President Vladimir Putin speaking to journalists after meetings in Shanghai on Wednesday.

President Vladimir Putin said Wednesday he had ordered Russian troops to pull out from the regions near Ukraine to help create a positive environment for the nation's presidential vote, but added that it would be hard for the Kremlin to deal with its winner because of continuing fighting in eastern Ukraine.

The pullout announced Monday was meant to create "favorable conditions for Ukraine's presidential vote and end speculations," Putin told reporters in Shanghai, China, where he attended a security summit.

Referring to comments by the U.S. and NATO that they are not seeing any sign of the withdrawal, Putin said that "those who are not seeing it should look better." He said the pullout will be clearly visible in satellite images, according to Russian news agencies.

Putin's pullout order and his statement welcoming the election, which he had previously urged to postpone, has shown that he has no immediate intention to send the Russian Army into Ukraine, where pro-Russian insurgents have seized government buildings and clashed with Ukrainian government forces in weeks of fighting that has left dozens dead.

Putin's moves reflected an apparent desire to ease tensions with the West over Ukraine and avoid further sanctions.

But the Russian leader said Wednesday that it would have made more sense for the Ukrainian authorities to have a constitutional referendum that would approve a new constitution before the election.

"It will be very difficult for us to develop relations with people, who come to power amid a punitive operation in southeastern Ukraine," he said.

Putin added that Russia has helped establish a dialogue between the central government in Kiev and people in the southeast.

"We have done everything to help start these contacts," he said.

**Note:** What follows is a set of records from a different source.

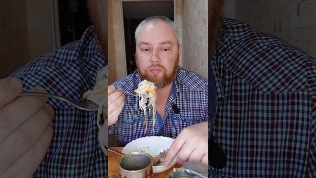Мукбанг. Консервированная гречка и свинина. #мукбанг
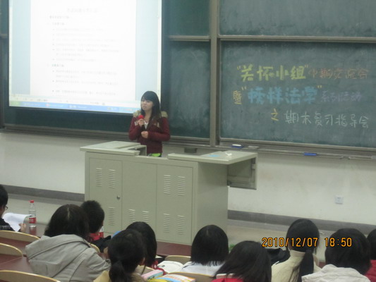 随后,期末复习指导会展开,08级吴云同学、黄慈苗同学根据以往应考经验对09级、10级同学期末复习进行有效指导,他们强调同学们在学习过程中应注意平时积累与考前复习相结合,注重效率,团结互助,争取提高成绩。同时,他们建议同学们珍惜大学时光,尽早规划人生。
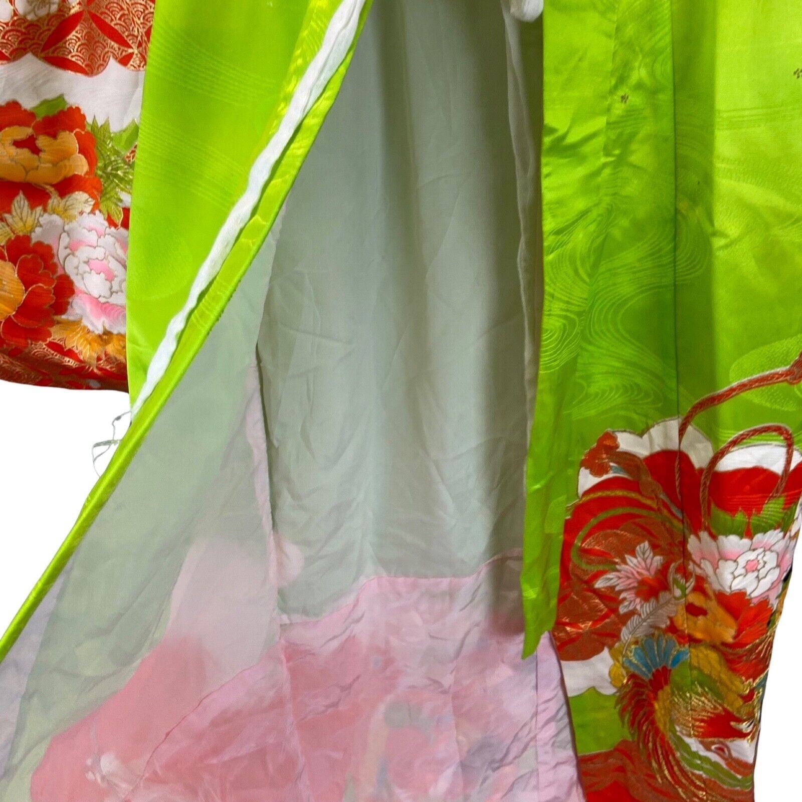 Vintage 70s 80s Green Red Orange Silk Embroiderd Floral Komon Showa Kimono 8 S

The Russian Defense Ministry said that its military units in the regions near Ukraine on Wednesday began moving to railway stations and airfields en route to their home bases, which they are expected to reach before June 1.

Yet NATO, which estimates that Russia has 40,000 troops along the border with Ukraine, repeated Wednesday it could not yet see any signs of a Russian pullout. Russian television broadcast footage of columns of tanks and howitzers towed by heavy trucks. It was not immediately clear where the footage was taken.

The ministry said its units will make most of the journey by air or rail to reduce the pressure on highways.

General Vladimir Shamanov, the chief of the Airborne Forces, said in televised remarks that battalions from three airborne divisions would return to their home bases within 10 days.